If, like his great-uncle Edward, he inclines towards thespianism, the school performs eight different productions and a nativity play every year, and has its own sound and lighting crew. Any musical leanings will be encouraged enthusiastically through weekly concerts and summer and winter galas.

He may, of course, prefer to just charge around the rooftop playground, with climbing frames and stunning views across the river Thames and Battersea Park.

Ben Thomas, principal of Thomas’s London Day School, who was headteacher at Thomas’s Battersea for 18 years, said he hoped George would learn to be himself.

“The whole aim of these precious early years of education is to give children that confidence in who they are. So we are not going to try and mould him into any kind of particular person and we wouldn’t do that with any of our pupils.

“I hope he will have the confidence to be himself with all his quirks and his idiosyncrasies and characteristics.

The choice of Thomas’s Battersea makes him the first direct royal heir to be educated south of the river, but then he is only the third-generation heir to attend public school.

His father, the Duke of Cambridge, attended Wetherby school in Notting Hill, west London, gaily waving to photographers on his first day, and leaving the establishment with the distinction of winning the Grunfield Cup for the child with the best swimming style.
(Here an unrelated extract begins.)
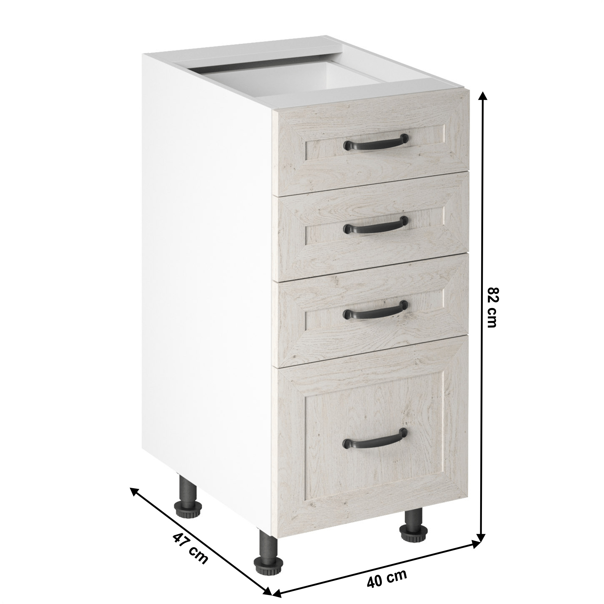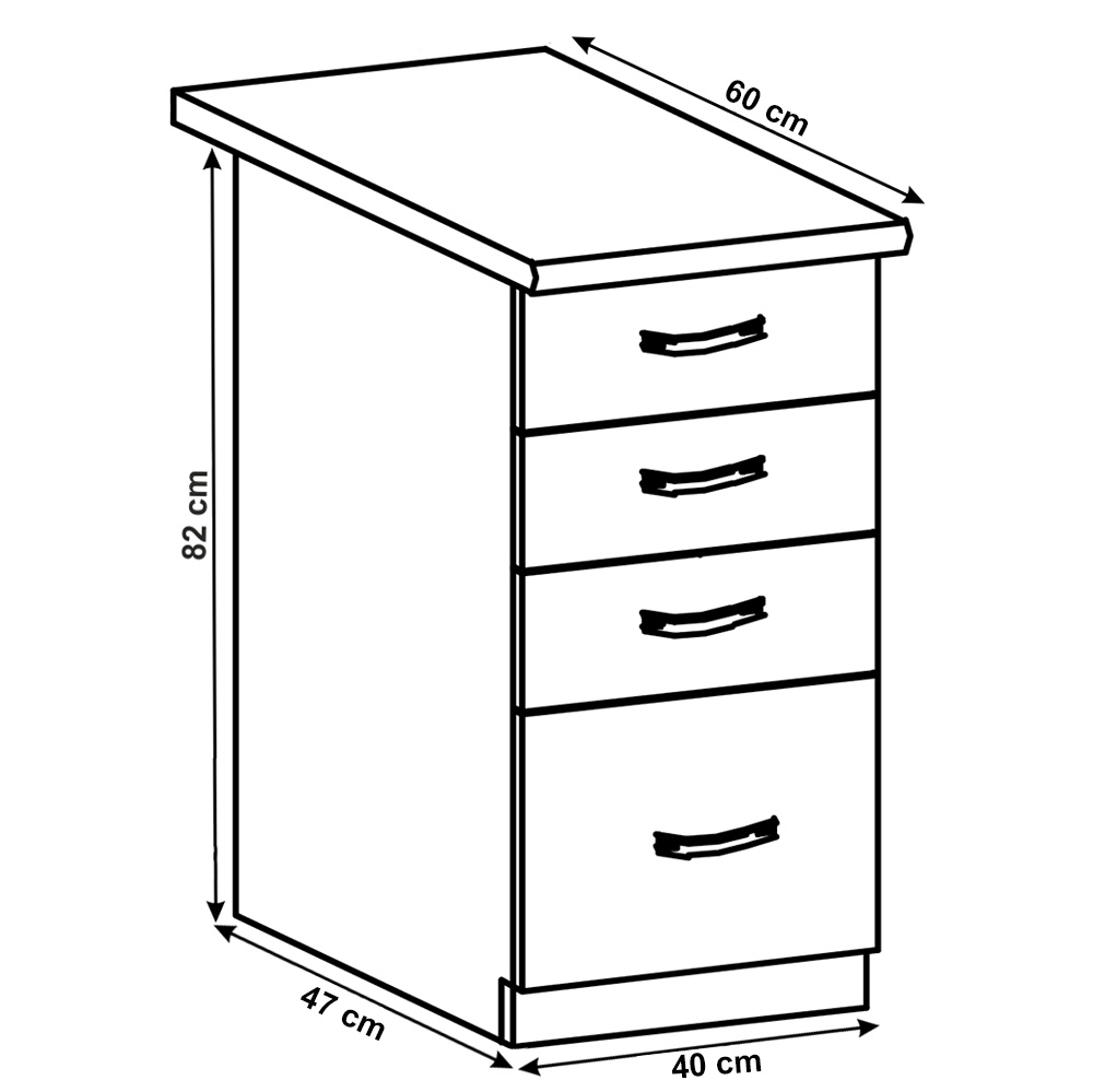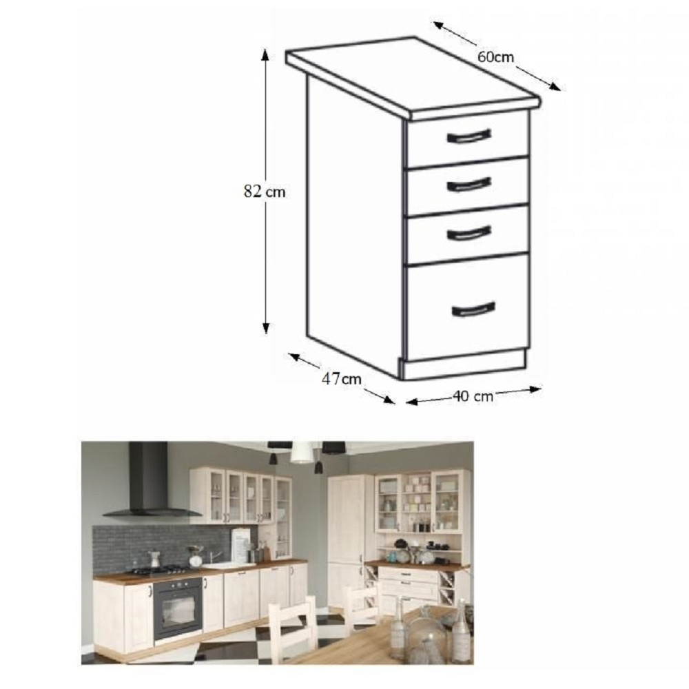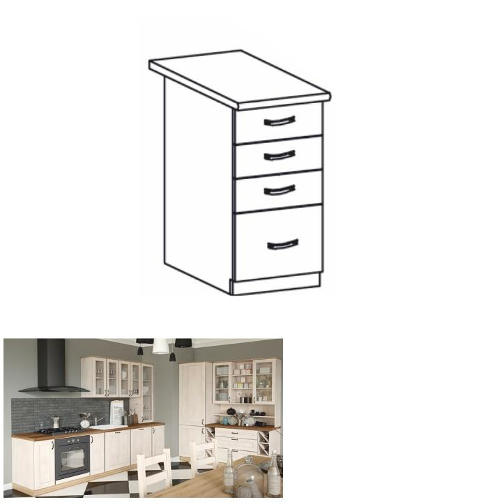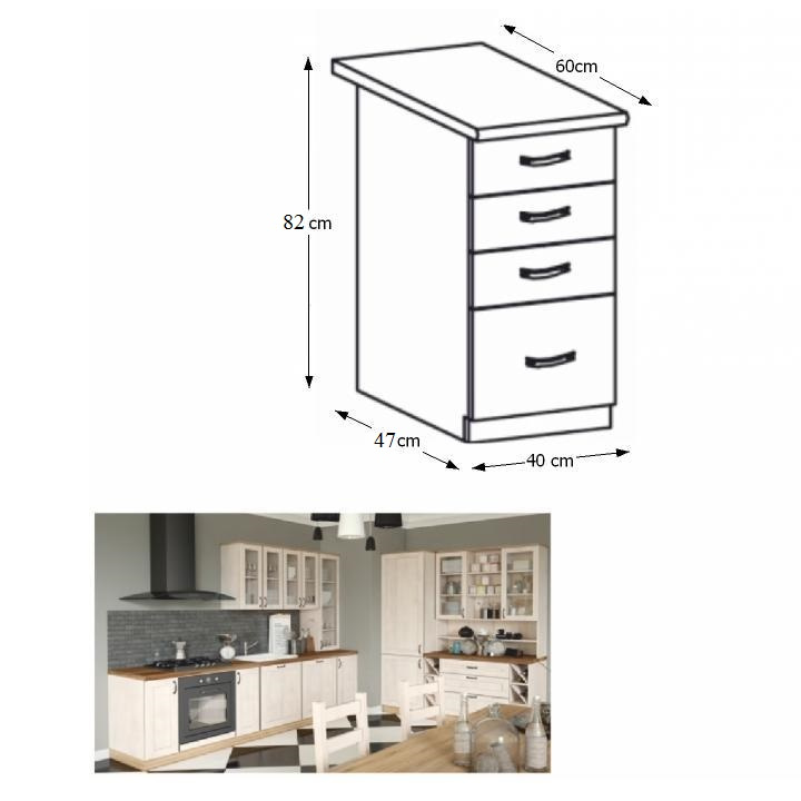 Spodní šuplíková skříňka, ROYAL D40S4 Materiál: korpus je vyroben z kvalitní laminované dřevotřísky Barva: bílá/sosna skandinávska Rozměry ŠxHxV: 40x47x82 cm Tloušťka materiálu: 15 mm Dodávané v demontu. Spodní skříňky ke kuchyni ROYAL jsou dodávány bez pracovní desky a bez soklu. Pracovní desku Dub Porterhouse tmavý lze doobjednat v tloušťce 3,8 cm v ceně 1690 Kč/1 bm. Ke každé dolní skříňce, kromě rohových skříněk D25PZ, je třeba doobjednat i sokel v provedení dub divoký v ceně 270 Kč/1 bm a 2 kusy úchytů na sokl v ceně 30 Kč/2 ks. Ke spodním skříňkám máte možnost dokoupit také ukončení na sokl o hloubce 47 cm a 56 cm za 140 Kč. Objednávku vepište do poznámky v objednávkovém formuláři.
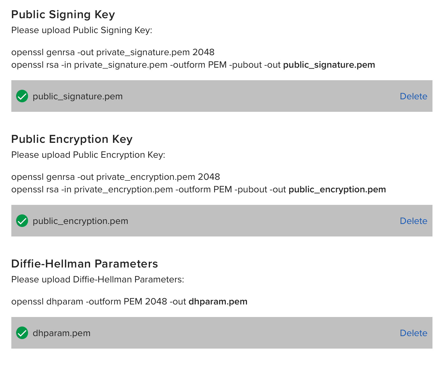 Upload public_signature.pem, public_encryption.pem and dhparam.pem

Diana, Princess of Wales, following her sons Prince Harry (right), then five, and Prince William, then seven, on Harry’s first day at the Wetherby school in Notting Hill. Photograph: Ron Bell/PA

His paternal grandfather, the Prince of Wales, then the Duke of Cornwall, did not start at Hill House school, Knightsbridge, until the age of eight. On his first day, he painted a picture. Breathless newspaper reports, based on the imaginative accounts of witnesses, described it variously as a red and blue seascape, a green ship going under Tower Bridge, or the royal yacht Britannia. “One thing is clear, on his first day at school the Duke of Cornwall painted a picture,” the Manchester Guardian reported.

With just 560 boys and girls between the ages of four and 13, Thomas’s Battersea school, in a Grade II-listed building, parts of which date to 1700, has a ballet room, science labs, a pottery room, two libraries and a one-acre playground with AstroTurf.

Morning snacks include organic milk, freshly baked pain aux raisins and wholewheat breadsticks. For lunch, pupils are promised freshly cooked meals which, whenever possible, include organic meat, vegetables and dairy, all of which grandpapa Charles will undoubtedly approve.

According to the Good Schools Guide, it has a wide-ranging mix of international parents, with 19 different foreign languages spoken at home. Competitive and oversubscribed, it is looking for children who “have a measure of confidence, are responsive, sociable, and with a light in their eyes”.

It is “busy” and “slightly chaotic” and for cosmopolitan parents who want “the best English education money can buy”, the guide continues. “That is what they want and, to a large degree, that is what they get.” It adds: “Withdrawn types might find it all overwhelming.”

Tatler advises to get children’s names down at birth. According to the society magazine, new headmaster Simon O’Malley, who, like George, starts this September, is a “silver fox” whose previously stated mission is for pupils to leave school “confident and comfortable, the sort of people others turn to”.

Duke of Cambridge with his son Prince George on his first day of school. Photograph: Chris Jackson/Kensington Palace

Known for his attention to detail, O’Malley once told the Daily Telegraph how it was the little things that count: such as emailing the parent of an expat pupil to say they performed a great rugby tackle because the parent is not at the match to see it and say “well done”.

The school, whose alumni include model and actor Cara Delevingne and singer Florence Welch, is said to discourage pupils from having best friends, instead encouraging lots of friends to stop others having their feelings hurt.

Its website stresses along with the “highest academic standards”, the school’s “ethos, aims and values actively support the upholding of democracy, the rule of law, individual liberty, mutual respect and tolerance of different faiths and beliefs.

“These are British values which we cherish and which equip pupils for life in modern Britain.”